1915 Central Powers offensive on the Eastern Front of World War I

The Gorlice–Tarnów offensive during World War I was initially conceived as a minor German offensive to relieve Russian pressure on the Austro-Hungarians to their south on the Eastern Front, but resulted in the Central Powers' chief offensive effort of 1915, causing the total collapse of the Russian lines and their retreat far into Russia. The continued series of actions lasted the majority of the campaigning season for 1915, starting in early May and only ending due to bad weather in October.

Mackensen viewed securing a breakthrough as the first phase of an operation, which would then lead to a Russian retreat from the Dukla Pass, and their positions north of the Vistula.

==Background==
In the early months of war on the Eastern Front, the German 8th Army conducted a series of almost miraculous actions against the two Russian armies facing them. After surrounding and then destroying the Russian 2nd Army at the Battle of Tannenberg in late August, Paul von Hindenburg and Erich Ludendorff wheeled their troops to face the Russian 1st Army at the First Battle of the Masurian Lakes, almost destroying them before they reached the protection of their own fortresses as they retreated across the border.

At the same time, the Austro-Hungarian Army launched a series of attacks collectively known as the Battle of Galicia that were initially successful but soon turned into a retreat that did not stop until reaching the Carpathian Mountains in late September. Over the next weeks, Russian troops continued to press forward into the Carpathian passes in the south of Galicia. In fierce winter fighting General Franz Conrad von Hötzendorf, the chief of staff of the Austro-Hungarian Army, attacked the Russians in an attempt to push them back. Both sides suffered appallingly, but the Russians held their line. By this time half of the Austro-Hungarian Army that had entered the war were casualties. Conrad pleaded for additional German reinforcements to hold the passes. German Chief of German Great General Staff Erich von Falkenhayn refused, but in April 1915 Conrad threatened a separate peace if the Germans would not help.

According to Prit Buttar, "...it did seem as if the Russian Army had been gravely weakened by the recent campaigns...both AOK and OHL knew about Russian losses and difficulties with ammunition supply. Therefore, merely reducing the pressure on the k.u.k.
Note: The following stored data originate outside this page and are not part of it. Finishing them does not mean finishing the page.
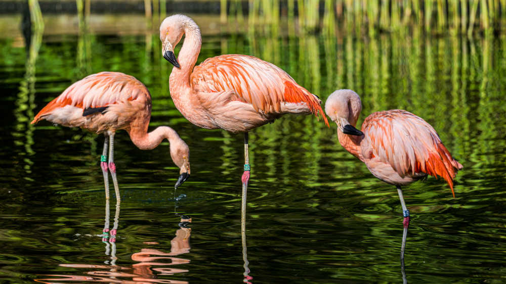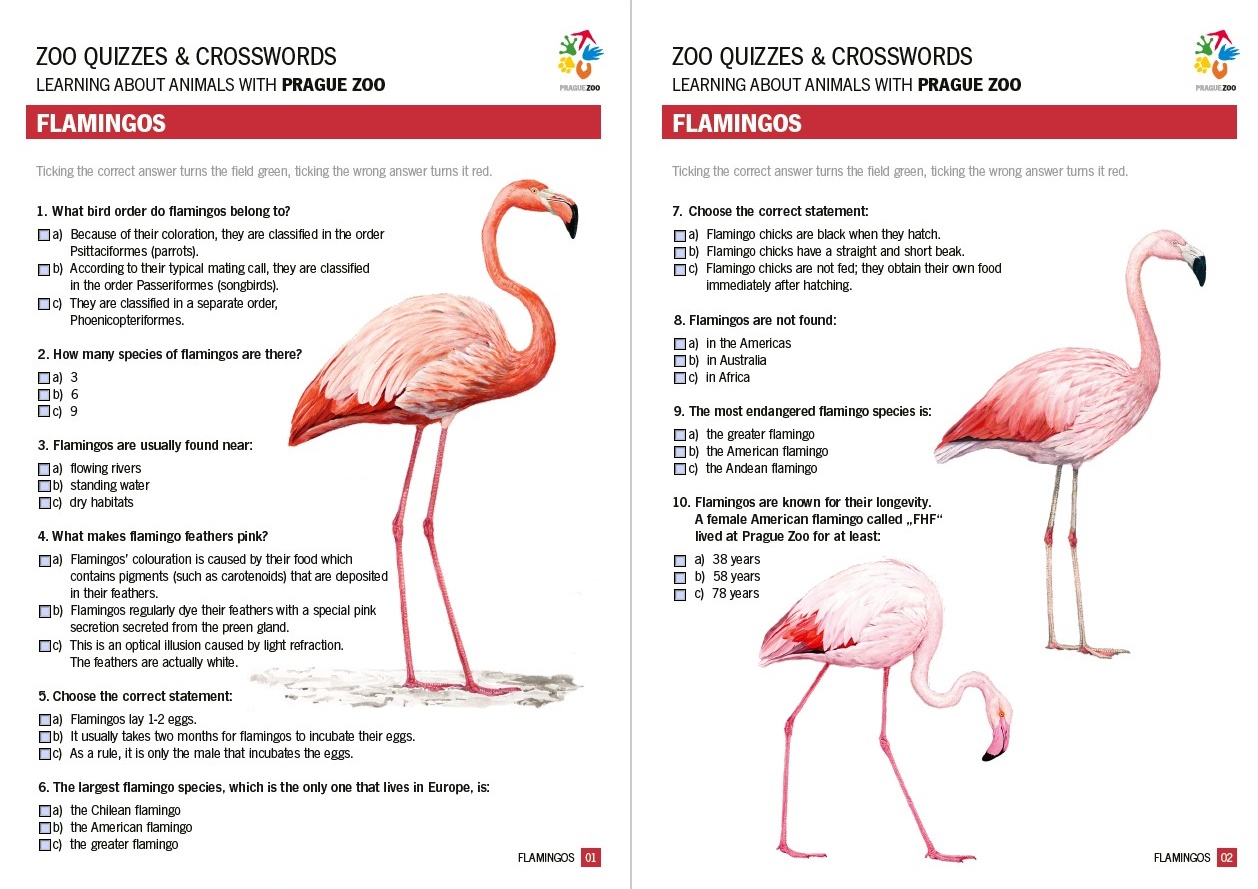 Thanks to their long legs, long neck and, in particular, their typical colouring, flamingos cannot be mistaken for any other bird. We keep three flamingo species in the zoo. You can see them in the zoo’s lower section. Can you tell which species is which?
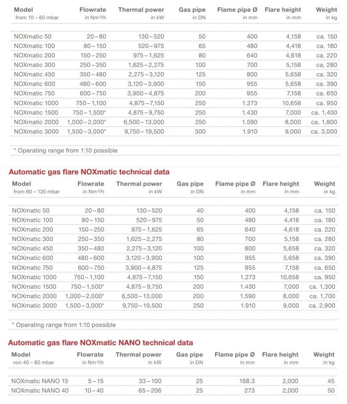 NOXmatic flares can be delivered worldwide with a capacity from 100kW to 20MW.
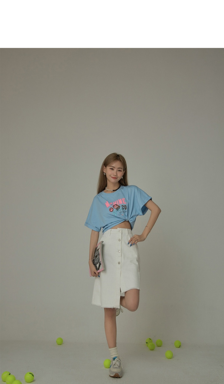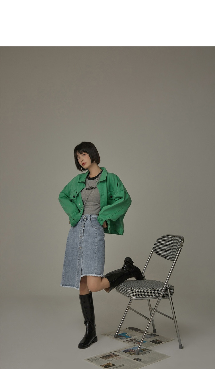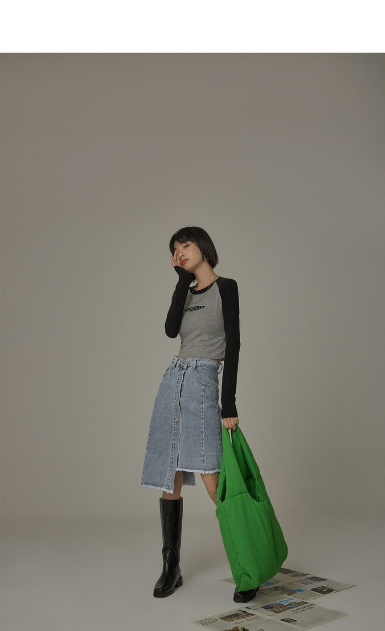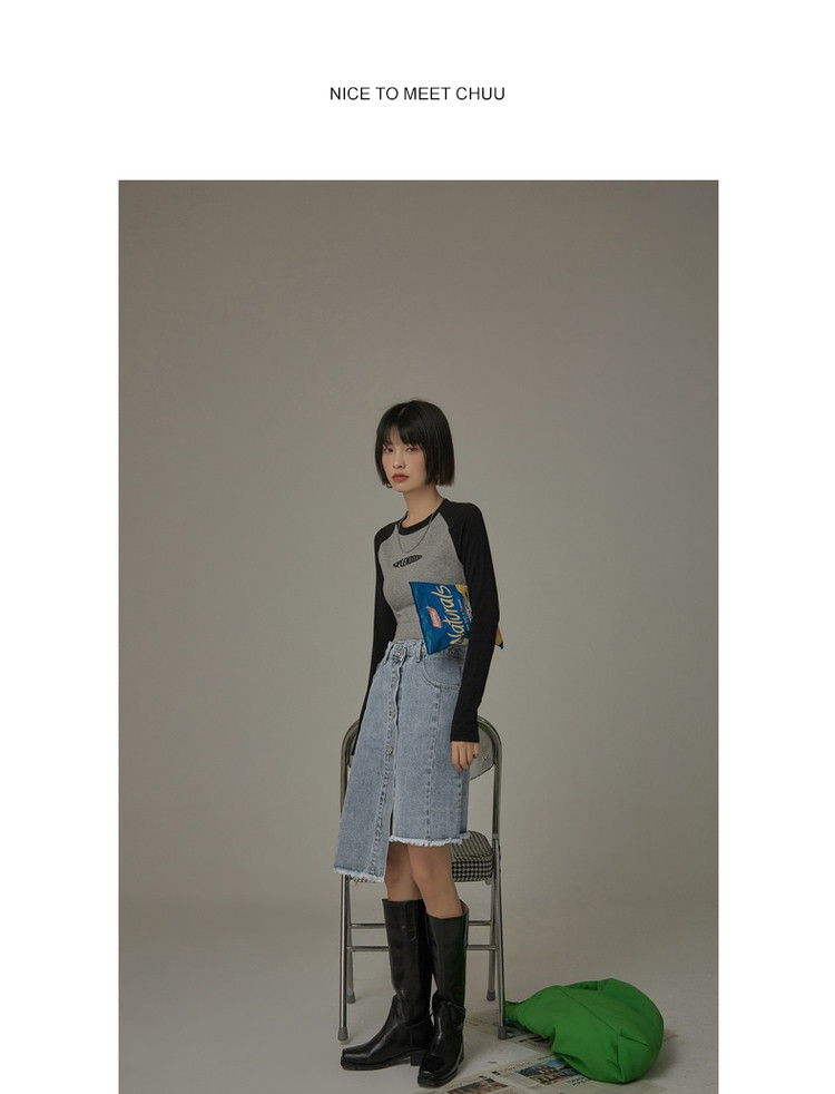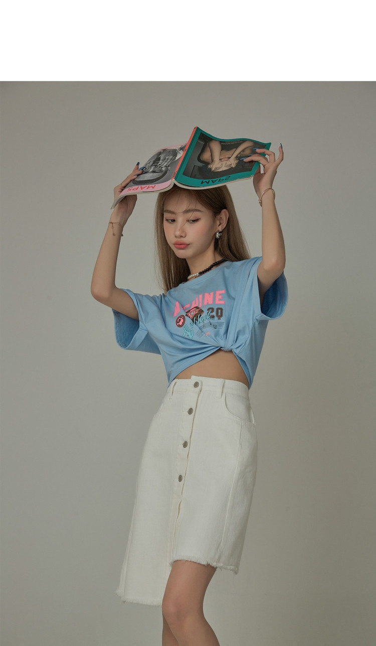 排扣不规则半身裙女春高腰牛仔裙子 629395
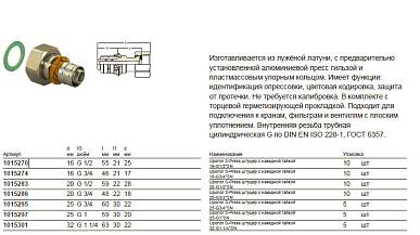 1015297 Uponor S-Press штуцер с накидной гайкой 25-G1“НГ Изготавливается из лужёной латуни, с предварительно установленной алюминиевой пресс гильзой и пластмассовым упорным кольцом. Имеет функции: идентификация опрессовки, цветовая кодировка, защита от протечки. Не требуется калибровка. В комплекте с торцевой герметизирующей прокладкой. Подходит для подключения к кранам, фильтрам и вентилям с плоским уплотнением. Внутренняя резьба трубная цилиндрическая G по DIN EN ISO 228-1, ГОСТ 6357.

Army would not be sufficient; Falkenhayn wished to strike a blow that would permanently diminish the ability of the Russian Army to mount offensives in future..." Falkenhayn wrote Conrad on 13 April, "Your excellency knows that I do not consider advisable a repetition of the attempt to surround the Russian extreme (right) wing. It seems to me just as ill-advised to distribute any more German troops on the Carpathian front for the sole purpose of supporting it. On the other hand, I should like to submit the following plan of operations for your consideration...An army of at least eight German divisions will be got ready with strong artillery here in the west, and entrained for Muczyn-Grybów-Bochnia, to advance from about the line Gorlice-Gromnik in the general direction of Sanok."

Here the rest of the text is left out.